Il termine A (cammini multipli, eddy diffusion) è quasi trascurabile nelle capillari, che non hanno impaccamento. Il termine B/u (diffusione longitudinale) domina alle velocità basse: a gas lento, gli analiti hanno tempo di diffondere lungo la colonna e i picchi si allargano. Il termine C·u (resistenza al trasferimento di massa) domina alle velocità alte: a gas veloce, gli analiti non fanno in tempo a equilibrarsi tra le due fasi e i picchi si allargano di nuovo. La curva di H in funzione di u ha quindi un minimo: è lì la velocità ottimale.

Perché il gas conta

La posizione e la forma del minimo dipendono dal gas. La tabella confronta i tre gas dal punto di vista pratico.

Gas Efficienza Velocità ottimale Note
Azoto ottima ma a u bassa bassa economico, analisi lente; curva stretta
Elio buona su ampio range media inerte, sicuro, MS-compatibile; costoso
Idrogeno buona anche a u alta alta analisi rapide, economico; infiammabile

I parametri da regolare

In pratica il tecnico regola pochi parametri legati al gas: la pressione in testa alla colonna (o il flusso), che fissa la velocità lineare; la modalità di controllo (pressione costante o flusso costante durante la programmata di temperatura); e la velocità lineare scelta in funzione del gas e dell’obiettivo (massima efficienza al minimo della van Deemter, oppure velocità più alta per accorciare l’analisi accettando un piccolo calo di efficienza). Con l’elio e l’idrogeno si lavora spesso a destra del minimo, sfruttando la curva piatta per essere veloci senza perdere risoluzione.

Perché conta nella pratica

Scegliere il gas e la sua velocità è una delle leve più dirette sull’efficienza e sui tempi di analisi. Lavorare lontano dal minimo della van Deemter significa picchi inutilmente larghi e risoluzione persa; ignorare le differenze tra i gas porta a metodi lenti o poco riproducibili. Per il tecnico di azienda, capire la van Deemter e regolare consapevolmente velocità lineare e tipo di gas permette di ottimizzare ogni metodo, bilanciando risoluzione, velocità, costo e sicurezza.

Domande frequenti

Quale gas di trasporto conviene usare in GC?

Dipende dalle priorità. L’elio è il più versatile: inerte, sicuro, compatibile con il rivelatore di massa e con buone efficienze su un ampio intervallo di velocità. L’idrogeno offre le prestazioni migliori e analisi più rapide ed è economico, ma è infiammabile. L’azoto è il più economico ma rende solo a velocità basse, allungando l’analisi, ed è poco adatto alle capillari moderne.

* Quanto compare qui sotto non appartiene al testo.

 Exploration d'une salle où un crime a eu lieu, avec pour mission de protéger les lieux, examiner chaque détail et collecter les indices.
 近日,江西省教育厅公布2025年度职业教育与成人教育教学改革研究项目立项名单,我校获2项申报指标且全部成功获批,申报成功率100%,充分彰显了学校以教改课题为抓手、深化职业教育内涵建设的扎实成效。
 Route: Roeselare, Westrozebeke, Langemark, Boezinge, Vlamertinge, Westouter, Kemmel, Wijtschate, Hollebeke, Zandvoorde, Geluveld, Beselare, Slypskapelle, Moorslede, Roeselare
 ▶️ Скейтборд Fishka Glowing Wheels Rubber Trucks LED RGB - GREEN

Che cos’è la velocità lineare e perché conta più del flusso?

È la velocità media con cui il gas attraversa la colonna, in cm/s. Conta più del solo flusso volumetrico perché è la grandezza che governa direttamente il tempo di permanenza degli analiti e l’allargamento dei picchi. Esiste una velocità lineare ottimale, dipendente dal gas, a cui l’efficienza è massima: lavorare lontano da quel valore peggiora la risoluzione.

Che cos’è l’equazione di van Deemter in GC?

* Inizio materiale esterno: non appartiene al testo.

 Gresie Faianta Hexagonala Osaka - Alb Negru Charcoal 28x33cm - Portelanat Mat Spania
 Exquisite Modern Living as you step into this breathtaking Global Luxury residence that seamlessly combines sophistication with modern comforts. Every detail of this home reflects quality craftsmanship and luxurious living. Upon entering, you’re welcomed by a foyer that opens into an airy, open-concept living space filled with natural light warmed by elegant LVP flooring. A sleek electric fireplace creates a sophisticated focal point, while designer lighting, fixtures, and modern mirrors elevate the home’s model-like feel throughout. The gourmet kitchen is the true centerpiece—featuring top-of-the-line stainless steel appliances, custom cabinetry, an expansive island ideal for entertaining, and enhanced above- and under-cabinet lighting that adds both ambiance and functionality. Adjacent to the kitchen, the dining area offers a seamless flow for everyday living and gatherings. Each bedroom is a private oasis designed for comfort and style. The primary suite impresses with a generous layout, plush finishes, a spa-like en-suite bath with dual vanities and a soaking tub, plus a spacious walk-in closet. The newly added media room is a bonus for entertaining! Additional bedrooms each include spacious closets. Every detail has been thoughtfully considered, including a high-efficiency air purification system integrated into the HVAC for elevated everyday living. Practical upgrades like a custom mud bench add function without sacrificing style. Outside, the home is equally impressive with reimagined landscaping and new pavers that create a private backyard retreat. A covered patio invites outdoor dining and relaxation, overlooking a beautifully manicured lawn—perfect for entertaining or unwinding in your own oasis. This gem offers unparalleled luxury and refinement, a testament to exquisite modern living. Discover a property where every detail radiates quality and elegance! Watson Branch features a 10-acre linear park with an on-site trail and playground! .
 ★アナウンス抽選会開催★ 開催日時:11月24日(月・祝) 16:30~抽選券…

È la relazione H = A + B/u + C·u che lega l’altezza del piatto teorico H alla velocità lineare u del gas. Il termine A (cammini multipli) è trascurabile nelle capillari, B/u (diffusione longitudinale) domina alle velocità basse e C·u (trasferimento di massa) alle alte. La curva ha un minimo, che individua la velocità di massima efficienza della colonna.

Perché l’idrogeno permette analisi più rapide?

Perché la sua curva di van Deemter è molto piatta a destra del minimo: si può aumentare la velocità lineare senza quasi perdere efficienza, accorciando i tempi. L’azoto, al contrario, ha un minimo stretto a velocità basse e perde efficienza appena si accelera. L’idrogeno richiede però precauzioni perché infiammabile, e va usato con rivelatori di fughe e ventilazione adeguata.

Conviene lavorare sempre al minimo della curva di van Deemter?

Non sempre. Al minimo l’efficienza è massima, ma con elio e idrogeno la curva è piatta a destra del minimo, quindi si può lavorare a velocità più alta perdendo pochissima efficienza e guadagnando molto in velocità d’analisi. La scelta dipende dall’obiettivo: massima risoluzione al minimo, oppure analisi rapide poco a destra del minimo accettando un calo trascurabile di efficienza.